Manta products are mostly sold in the Guangzhou region in southern China as part of a scam, proclaiming the gills can cure everything from chickenpox to cancer and infertility.

But it has no curative properties and are not considered a formal component of Traditional Chinese Medicine. In fact, they are not even recognized by traditional medicine practitioners!

(Source)

Some awesome lists!

Dr. Pepper is like the free agent of sodas!


Free agents in the sports world are always exciting to watch as they get teams to fight over their career.

Turns out there are similar “free agents” in the soda world, as well.

Dr. Pepper, a personal favorite beverage of many all over the world, has an incredibly unique and unidentifiable flavor, with a hint of cherry and cola.

It dates all the way back to the 1880s by Charles Alderton in Texas. The name allegedly comes from a partner's formula book that was titled “D Peppers Pepsin Bitters.”

The soda is also unique in the fact that it isn't owned by either of the major soft drink companies, PepsiCo or the Coca-Cola Company. Because of this, you may find it everywhere, or it may be difficult to find.

Many restaurants and resellers will promote beverages from one company or the other, but because of Dr. Pepper's “free agent” status, it can show up alongside a Diet Coke or a Wild Cherry Pepsi.

(Source)

How do you make kids choose broccoli over chocolate? Elmo!


Never underestimate the power of Sesame Street.

The program that has been teaching children their “A, B, Cs” and “1, 2, 3s” for decades continues to spread its influence, this time with better eating choices.

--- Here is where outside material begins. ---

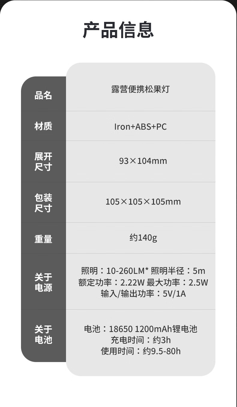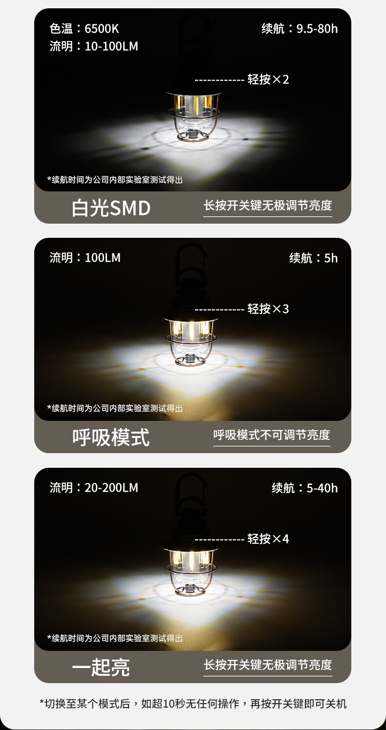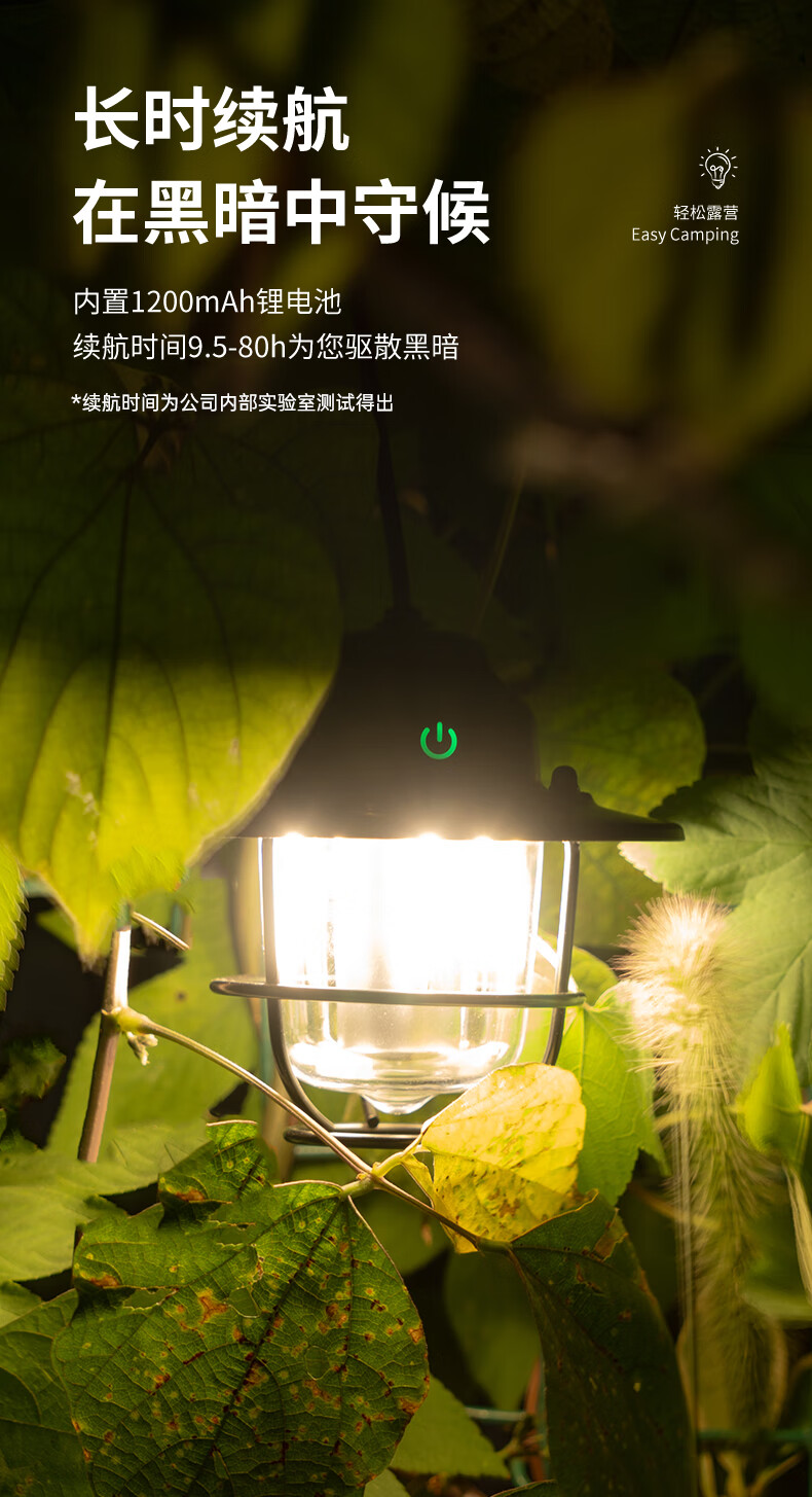 产品材质:有质感且造型独特、大气时尚; 光照强度:能满足四-五人帐篷使用,且不显暗; 续航时间:与产品介绍描述一致,非常耐用; 产品重量:较轻; 电源类型:充电式,与说明书介绍一致。

Turns out, when given a choice between chocolate and broccoli, children will tend to choose the broccoli—as long as Elmo is involved.

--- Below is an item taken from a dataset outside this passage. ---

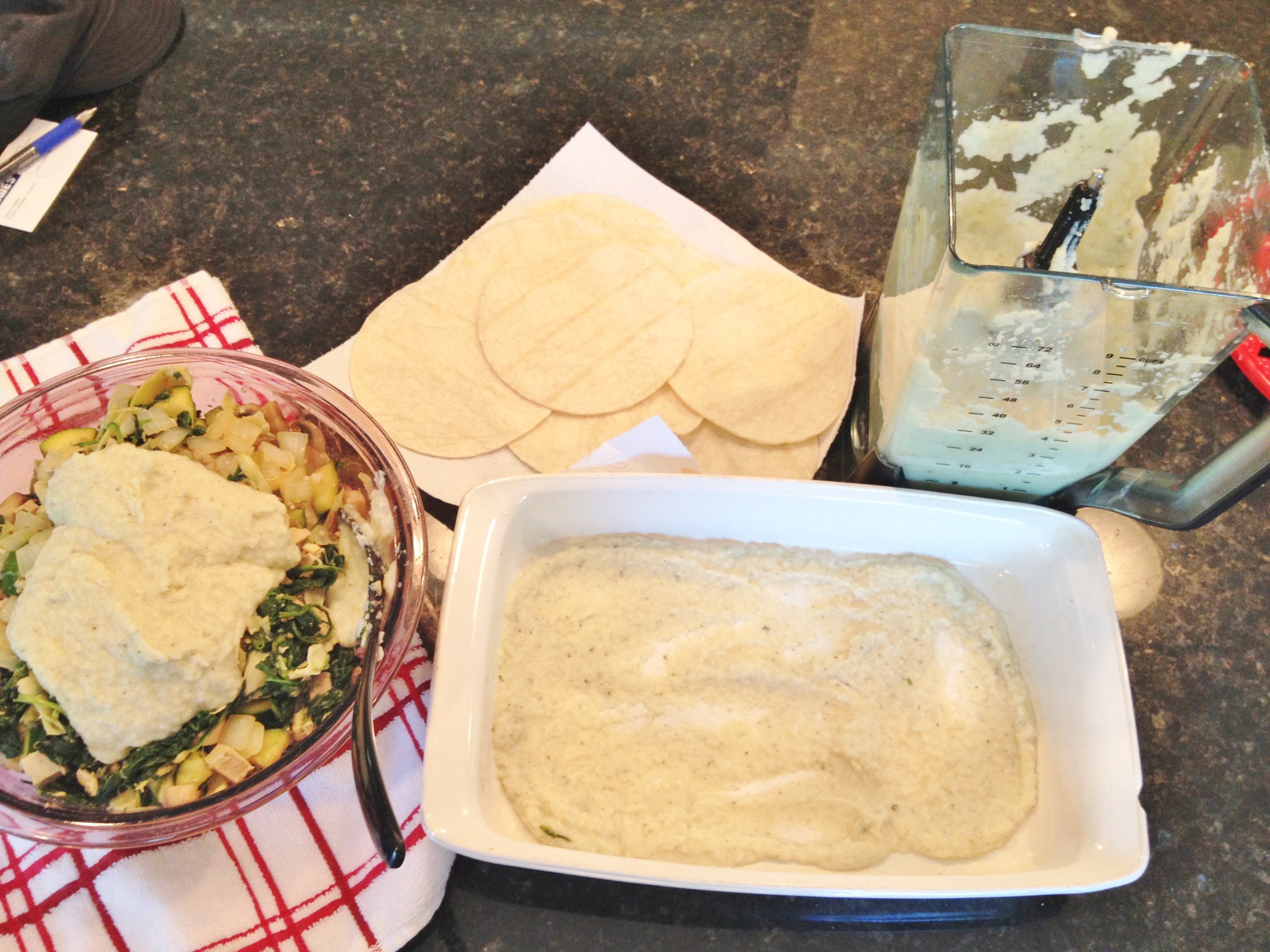 I figured since I have done so many Southwest-style recipes lately that I would do something a little different. And, with cauliflower on sale for one dollar this was just the different I was looking for! Cauliflower Alfredo is yummy all on its own and smothering noodles. This time I decided to make a little looser version like a normal enchilada sauce. I just boiled one large head of cauliflower in about 2 1/2 cups vegetable stock then pureed the cauli with Rice Dream milk, tons of minced garlic, herbs, and Daiya plain cream cheese. Yum.

Initially, when given the option between a delectable chocolate bar and the less appetizing broccoli, four out of five children chose the chocolate (I want to meet the 1 in five that chose the vegetable!).

Luckily, taxpayer dollars weren't wasted on trying to crack that mystery.

But when the researchers put a sticker of Elmo on the broccoli, suddenly the results skewed to be about half and half.

A lot of schools have already discovered this little marketing secret and will put up posters with childhood favorites such as Spongebob and Sesame Street characters promoting the healthy choices.

When Spongebob tries to sell kids on green beans, 37 percent more boys and 17 percent more girls will choose the them. Still, a chocolate bar is tough to pass up!